Updated on June 04, 2022

Comments

  • Atrus
    Atrus almost 2 years

    I know there's a lot of similar questions out there, but I haven't found anything that helps yet. I've been at this for several hours now and it's driving me crazy. I get a segmentation fault when a destructor is called for a variable that was created by the copy constructor.

    //Copy Constructor
    Stack::Stack(const Stack &aStack)
    {
       size = 0; //this is incremented as new items are pushed onto the stack.
       cap= aStack.cap;
       items = new int[aStack.cap]();
       for (int i = 0; i < aStack.size; i++)
          this->push(aStack.items[i]);  //Adds an item if not full and increments size
          // I have also tried: items[i] = aStack.items[i]
    }
    
    //Destructor
    Stack::~Stack()
    {
       cap= 0;
       size= 0;
       delete [] items;
       items = NULL;
    }
    

    I get the feeling I'm doing the copy constructor wrong, but I can't figure out what it is.

  • Atrus
    Atrus almost 11 years
    If only it was that simple, I could have caught that :P The names are a bit inaccurate (can't do anything about it, my teacher picked them). "Top" is the index above the top element of the stack, or in other words, the size, and "size" is the capacity (think "maxSize").
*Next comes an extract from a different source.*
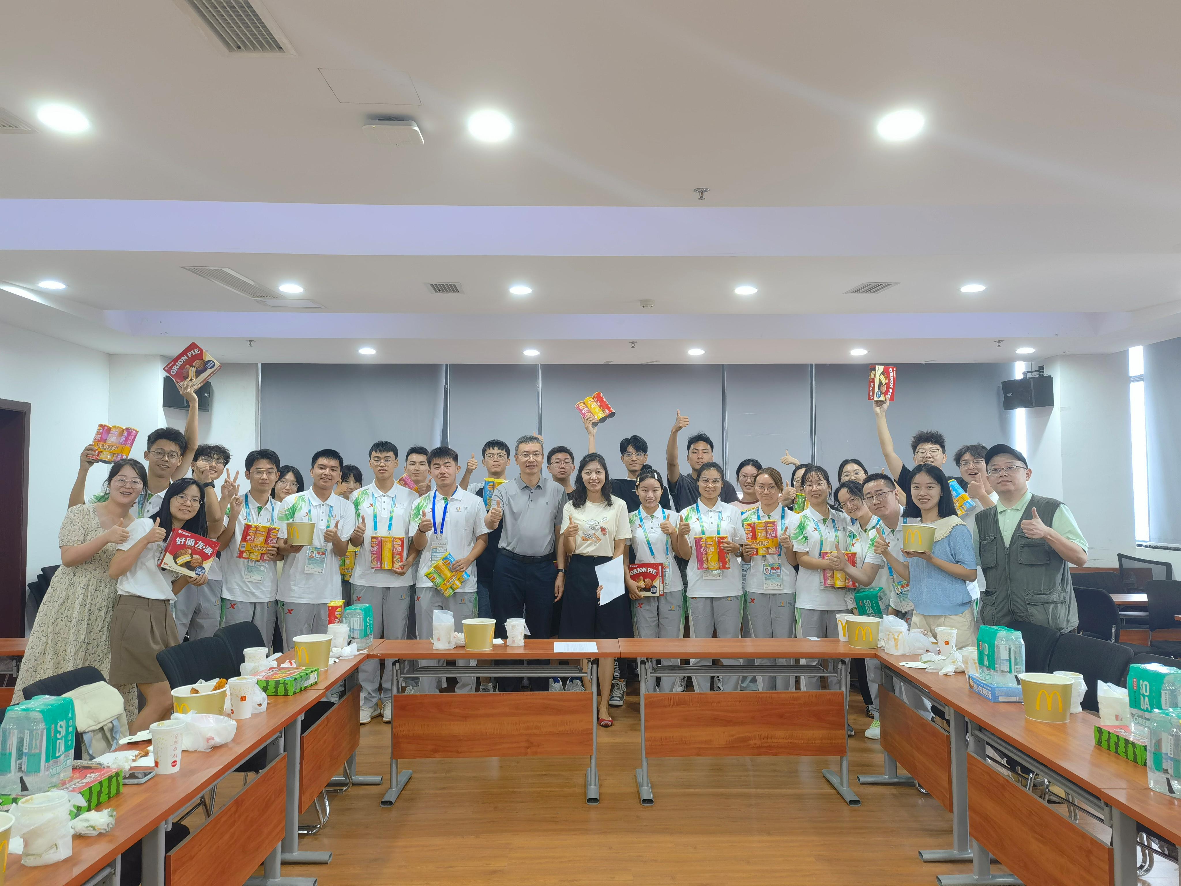 7月25日下午,学院党委书记王斌、党委副书记谢力一同到电气馆832看望我院身处大运会一线的师生代表,和他们亲切交流,了解到岗工作、生活情况,随后共进晚餐,并现场发放零食大礼包。

So, top already iterates though all the elements that have been assigned. Thanks for the feedback though :D
  • Ozraptor
    Ozraptor almost 11 years
    What type is items? Is it being declared as an int*?
  • Atrus
    Atrus almost 11 years
    The code works most of the time, it's just special situations where it fails, namely situations where the copy constructor is used.
  • Excelcius
    Excelcius almost 11 years
    Can't tell for sure since I don't have the complete code but this doesn't sound like the right solution... NULL is a macro effectively defined as 0. So all this line did was set one of the integers in the items array to 0. It shouldn't have any effect on the delete in the destructor. Did you call delete items[size - 1] as well in pop?
  • molbdnilo
    molbdnilo almost 11 years
    The assignment as such is not the reason - assigning NULL doesn't cause anything to be deleted. In particular, assigning NULL to an int will only set it to zero, and an array full of zeroes isn't "empty" in any way. More likely is that size-1 is an index outside the array - make sure that size is greater than zero when you do that.